**WHAT NEEDS TO BE DONE:**
Omit the pictures and output exactly the lines from the start of the entries through the line containing "Ohrringe mit blauen".
::: DATA EXTRACT
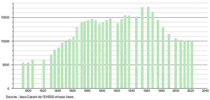 - Par convention dans Wikipédia, le principe a été retenu de n’afficher dans le tableau des recensements et le graphique, pour les populations légales postérieures à 1999, que les populations correspondant à une enquête exhaustive de recensement pour les communes de moins de 10 000 habitants, et que les populations des années 2006, 2011, 2016, etc. pour les communes de plus de 10 000 habitants, ainsi que la dernière population légale publiée par l’Insee pour l'ensemble des communes.
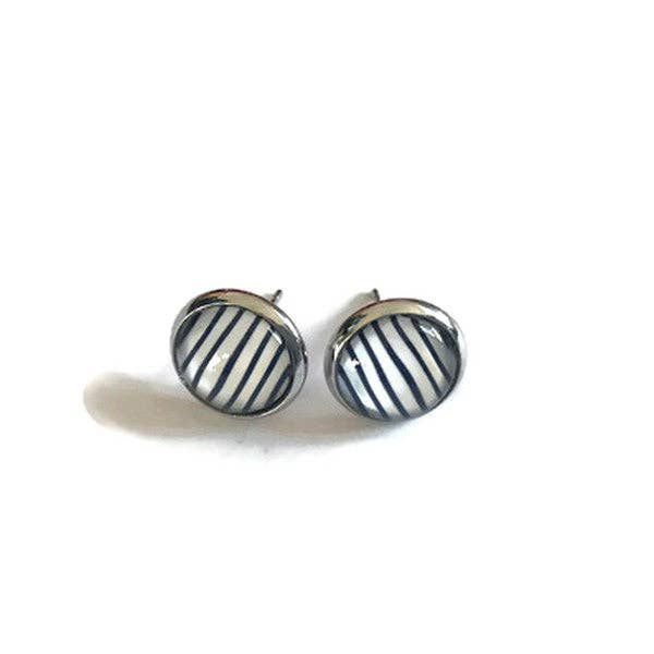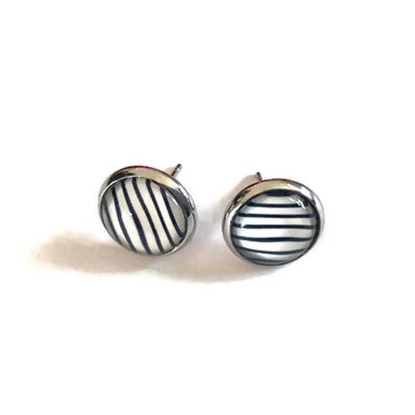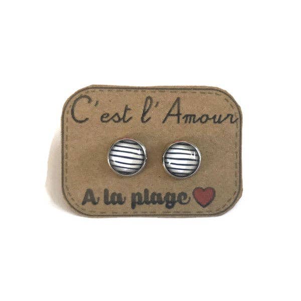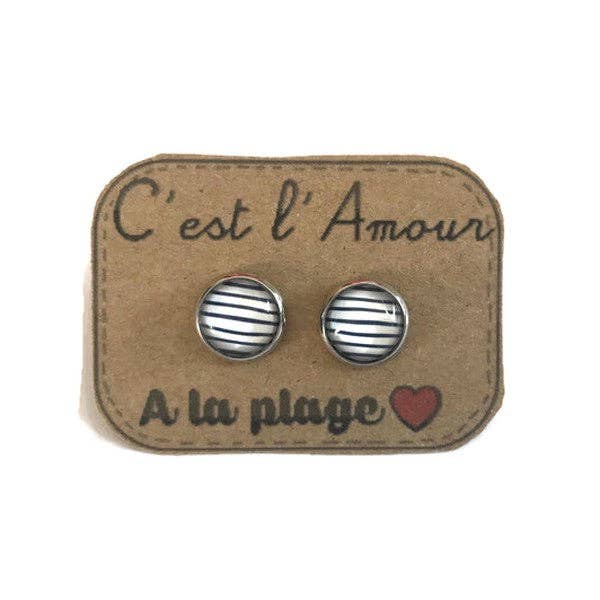 Ohrringe mit blauen und weißen Streifen / "Es ist die Liebe am Strand!": Silber
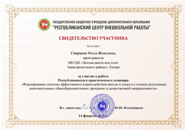 17. Республиканский практический семинар "Формирование системы эффективного взаимодействия школы и семьи в условиях реализации дополнительных общеобразовательных программ художественной направленности", 14.02.2025г., г.Казань, Старцева О.Я., Участие;
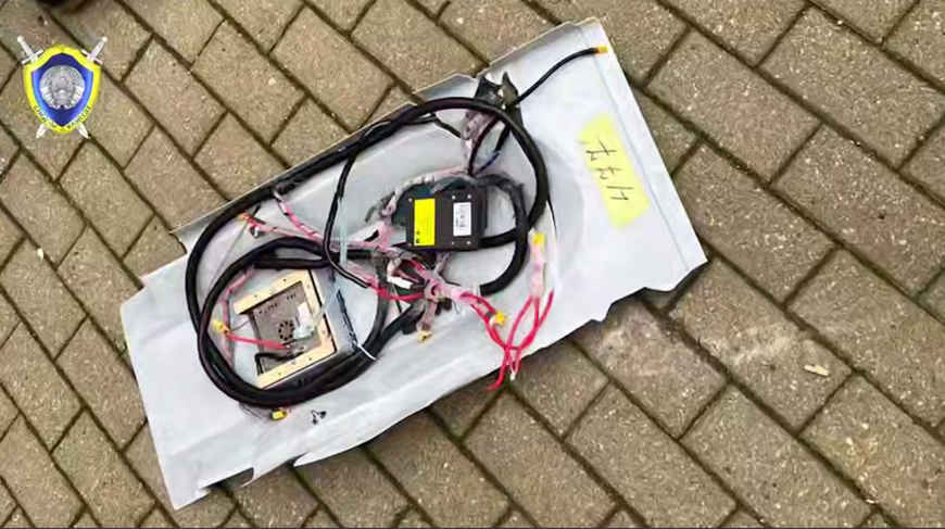 На месте падения были изъяты фрагменты корпуса и крыльев БПЛА, двигатель, приборы навигации и боевая часть, снабженная тротилом и большим количеством поражающих элементов в виде металлических шариков.
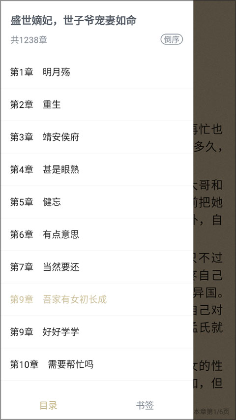 3、同样,通过调用菜单并单击目录,您可以选择切换到要阅读的章节。
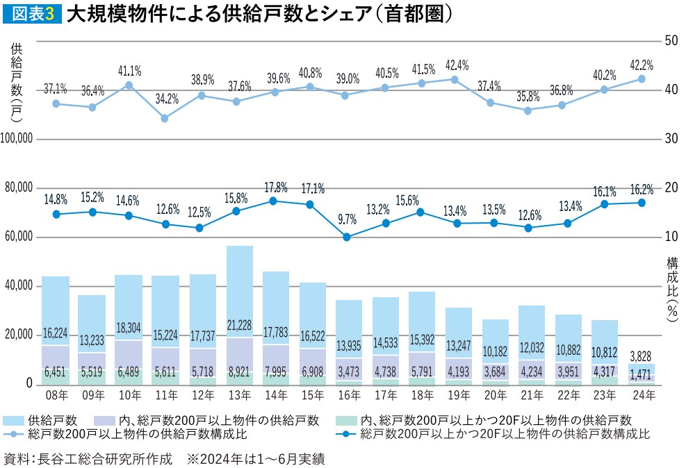 一方、以前より供給が続いている物件もあり、総戸数200戸以上の大規模物件の新規供給戸数は3,828戸、全体に占める構成比は
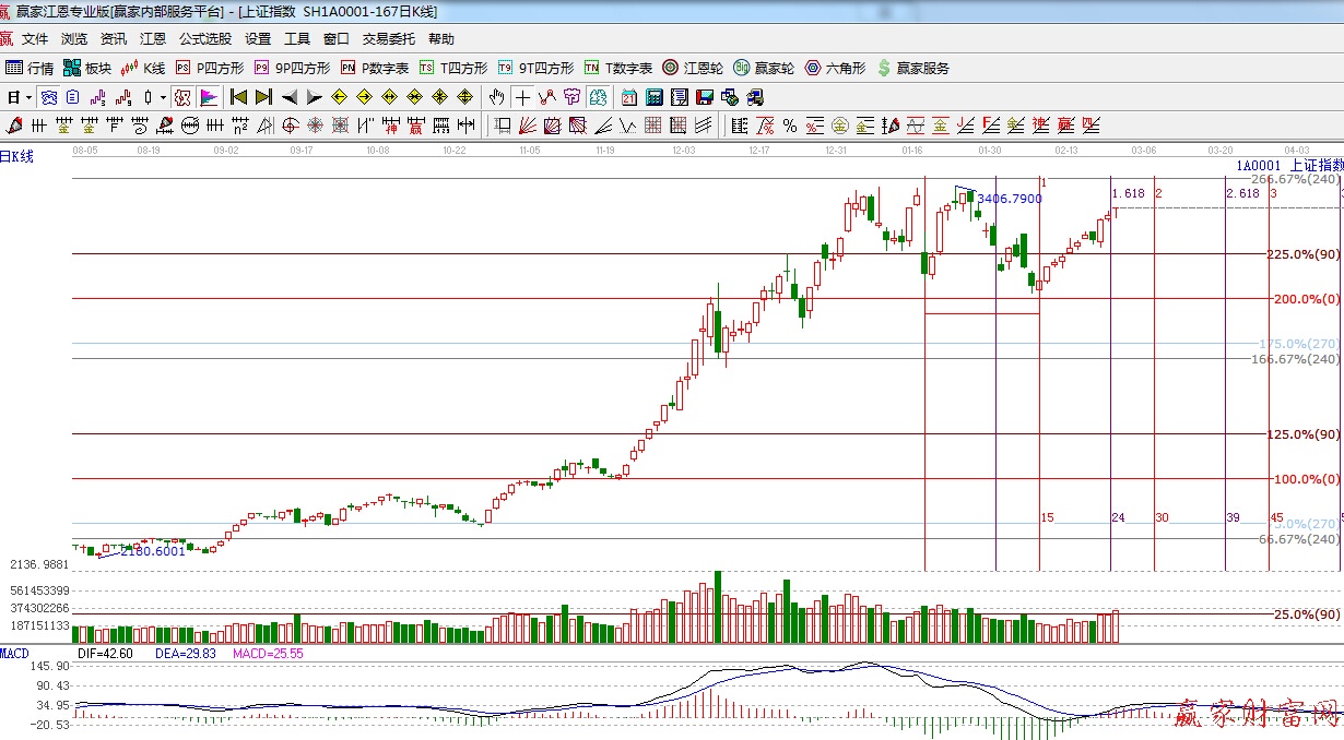 ★依據贏家江恩理論系統極反通道提示:周一滬指圍繞短周期30,60分外軌線震蕩附近,短線謹慎。
::::::
**SOLVED PROBLEM:**
 - Par convention dans Wikipédia, le principe a été retenu de n’afficher dans le tableau des recensements et le graphique, pour les populations légales postérieures à 1999, que les populations correspondant à une enquête exhaustive de recensement pour les communes de moins de 10 000 habitants, et que les populations des années 2006, 2011, 2016, etc. pour les communes de plus de 10 000 habitants, ainsi que la dernière population légale publiée par l’Insee pour l'ensemble des communes.
 Ohrringe mit blauen und weißen Streifen / "Es ist die Liebe am Strand!": Silber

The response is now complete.